Смутил меня этот чиновник. Думаю: постой, сегодня же ночью все выведу на чистую воду. Стал я опять у банка. Вышел с подъезда барин, и я его повез, как всегда; в последнее время его уж и не спрашивал, — знал, куда везти…
Выехали мы от сената к синоду, оттуда стали пересекать площадь у Конногвардейского бульвара. С бульвара ярко светил месяц. Я и давай изловчаться, чтоб незаметно оглянуться влево, есть-ли от барина тень. И только что я думал оглянуться, он хвать меня за плечо… «Не хотел, говорит, по чести меня возить, больше возить не будешь; никогда не узнаешь, кто я такой…» Я так и обмер; думаю: ну, как он мог узнать мои мысли? — Я отвечаю: ваше благородие, не на вас… «На меня, говорит: только помни, никогда тебе меня не узнать».
Дрожал я всю дорогу до Волкова от этакого страха. Привез туда; барин опять бросил бумажку. — Прикажете завтра? — спрашиваю. — Не нужно, — ответил — больше меня вовеки не будешь возить…
Ушел он и исчез между могилами, как дым улетел куда-то.

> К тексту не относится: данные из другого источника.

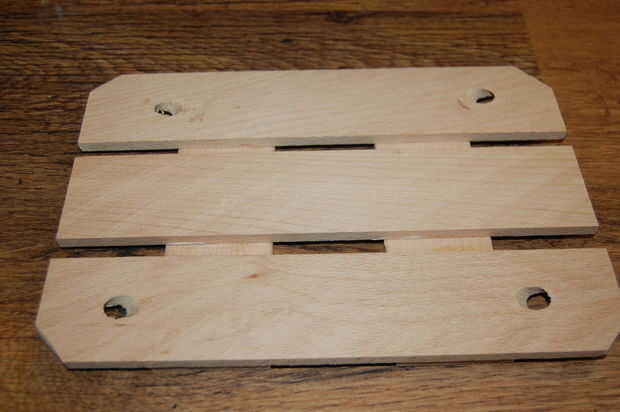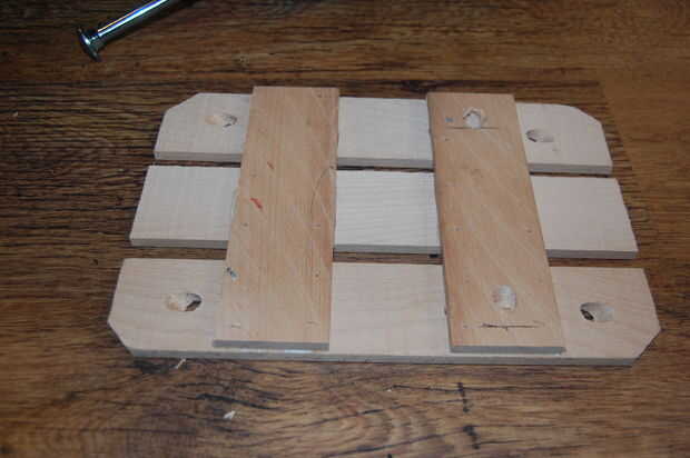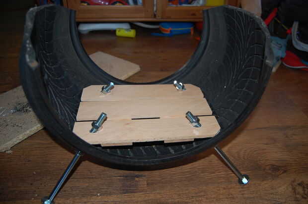Una vez que había puesto los tornillos por los agujeros y colocar el neumático en el suelo era evidente que necesitaría algo para apoyar las piernas. Decidí apoyar en dos direcciones así que cortar algunos recortes de madera, los agujeros perforados en ambos lados a 45 grados y poner sobre los pernos. Entonces había medido por las piezas transversales y pegado y había clavado todos juntos.

Думаю: шутишь. Выехал я опять на следующую ночь на набережную, простоял до утра, — никто с подъезда не выходил. Вижу, дворники метут банковский тротуар; я к ним: — Кто, спрашиваю, тут живет? — Никого, отвечают, нету здесь, кроме швейцара; утром приходят господа на службу, а к обеду расходятся; квартир никому нет. — Что за наваждение? Выехал я на вторую ночь, опять никого. Заехал с Галерной к дворнику, спрашиваю, — тот то же самое, — видно, говорит, тебе приснилось. Дождавшись утра, вышел швейцар, — я его сейчас узнал; спрашиваю, — он даже осерчал, чуть не гонит в шею: я тебя, говорит, никогда и не видел, проваливай — какие тут жильцы! никто отсюда не выходил, и никого ты не возил, — все это тебе либо с дуру, либо со сна, а вернее с пьяна… Постоял я еще ночь, утром поехал на Волково, давай толковать с сторожами; там я приметил рыжего одного, в веснушках, — все отреклись, и рыжий: знать тебя не знаем, никого ты не привозил, и видим тебя впервое, — у нас строго заказано, никого в калитку по ночам на кладбище не пускаем… Так это и кончилось, с той поры я не езжу на аглицкую набережную, заработок этот прекратился, — одна беда— лошадь сноровилась и все ее тянет туда… Хозяин дуется, ребята прохода не дают; а что это за оказия была с банковским этим самым барином, ума не приложу…
— И это все правда?
— Сущая правда! вот вам святой крест! — заключил рассказчик.
Так рассказывал извозчик. Я — на всякий случай, рассчитываясь с ним, — заметил номер его бляхи и передал о его сообщении некоторым из знакомых, в том числе одному писателю, — собираясь еще раз отыскать этого извозчика и расспросить его подробнее, — между прочим съездить с ним на кладбище и расспросить тамошних сторожей. Меня, однако, предупредили. Один из репортеров рассказал часть этой истории в газетной заметке; а через неделю по ее появлении в печати, ко мне явился высший член сыскной полиции. Объяснив мне, что слух об извозчике, возившем «банковского беса», обратил на себя внимание полицейского начальства, это лицо просило меня дать средство полиции отыскать упомянутого извозчика. — Но кто же вам сообщил обо мне? — спросил я полицейского агента. — Тот улыбнулся — Позвольте нам быть на этот раз всезнающими. — Я сообщил агенту номер бляхи извозчика, с одним условием, чтоб мне дали возможность ознакомиться с окончательным разъяснением этого дела. Каково же было мое удивление, когда дня через три меня уведомили, что извозчик найден, но от всего отперся, уверяя, что газета, сообщившая вкратце его рассказ, все на него выдумала. Я поехал по письменному извещению к агенту, производившему это исследование. Был призван извозчик. Последний, разумеется, меня не узнал: он меня видел ночью, при том в шубе и шапке, а теперь я был в сюртуке. На новые расспросы полицейского агента при мне, извозчик повторял одно: знать ничего не знаю, ничего такого не говорил, все выдумано на меня…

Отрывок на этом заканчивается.